Liquid metal cooled reactor – here liquid metals like sodium, potassium, lithium etc., are used as coolants.
Gas cooled reactor – here gas like CO2, Helium etc., are used as coolants.
Reactor classification based on purpose:
Power reactors – The reactors used for generating electrical power. E.g. MAPS, PFBR, TAPS, RAPS etc.
Research reactors – These reactors are mainly used for research purpose. E.g. FBTR, Kamini, Apsara etc.
The essential ingredient of a nuclear fuel is a fissionable material i.e. a substance that readily undergoes fission when struck by neutrons.
Fissile and Fertile:
The only naturally occurring nuclear fuel is uranium which contains two isotopes of U-238(99.3%) and U-235(0.7%). Out of this U-235 only is fissionable by slow neutrons and is called fissile fuel. The remaining isotope U-238 can be converted into a fissionable substance called plutonium (Pu-239) when bombarded by neutrons. Hence U-238 is called Fertile.
Thorium-232 is also fertile material and can be similarly converted into a fissile material called U-233 by nuclear reaction.
The artificial method of increasing proportion of U-235 to U238 is called as enrichment.

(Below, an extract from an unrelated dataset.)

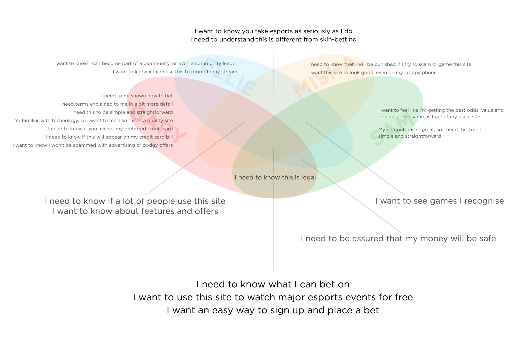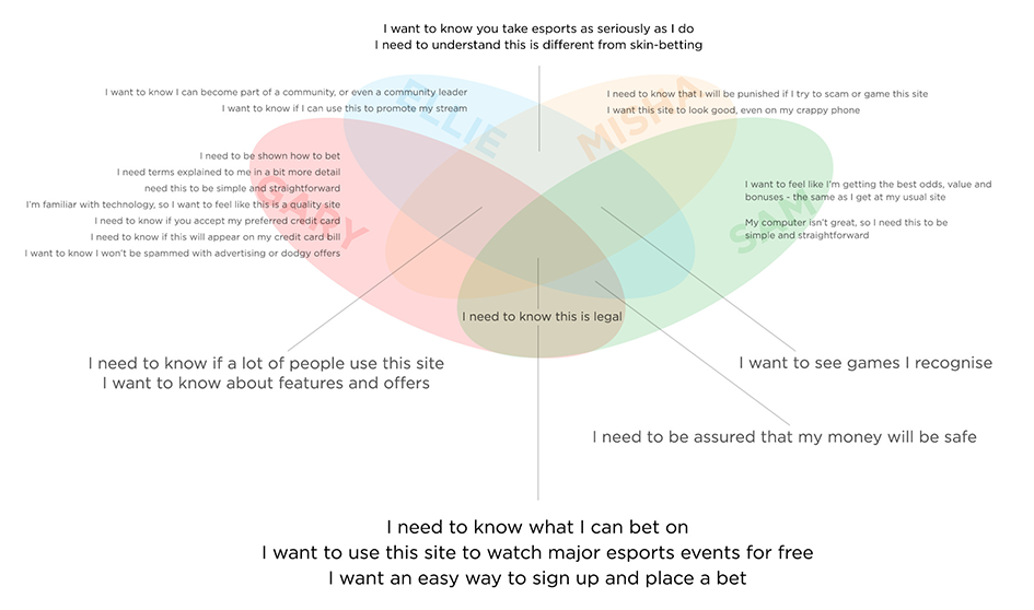 For example, several of the personas were uncertain about the legality of betting on esports. In the persona diagrams, this was expressed as the need: "I need to know it's legal and trustworthy".

So enriched uranium fuel means fuel having a higher fissionable content than that of natural uranium. The advantages of enriched fuel are
-Physically smaller reactors can be built.
-More energy can be extracted from the fuel before it is replaced.
-Many of the reactors use slightly enriched uranium. In the BWR type of reactor slightly enriched uranium is used. In our FBTR enriched Uranium is used along with Plutonium.
Other parts of reactor are
Coolants, Heat-exchangers, Pumps, Electrical systems, Reactor control system etc.
Some of the typical reactors used in India for generation of electrical power are:
Boiling water reactor (BWR):
In this reactor the enriched uranium oxide is used as the fuel and light water is used as the coolant and moderator. This is a thermal reactor. The water is circulated by a pump and the water boils in the reactor vessel itself. The steam produced is fed directly to turbine. In BWR, the steam is generated in the core itself.
The reactor pressure vessel has to be strong and is enclosed in concrete containment vessel to prevent hazard from the failure of the pressurised circuit.
The exhaust steam from turbine is condensed and the condensate is sent back to the reactor core through a feed pump. Another pump is used for recirculating the coolant in the reactor vessel before converting to steam.
In Tarapur Atomic power station two BWR’s are used for power generation of 210MWe each.
Pressurized water reactor (PWR):
PWRs keep water under pressure so that it gets heat, but does not boil. Water from the reactor and the water in the steam generator that is turned into steam never mix. In this way, most of the radioactivity stays in the reactor area.
CANDU type reactor:
The series of power reactors developed in Canada are called as “CANDU” reactor in short for Canada-Deuterium-Uranium.
Fast Breeder Test Reactor:
This is test reactor. Fast neutrons cause the fission. The fuel burn-up or depletion is offset to some extent by breeding (i.e. by converting fertile to fissile material). Hence it is named as Fast Breeder Test Reactor (FBTR).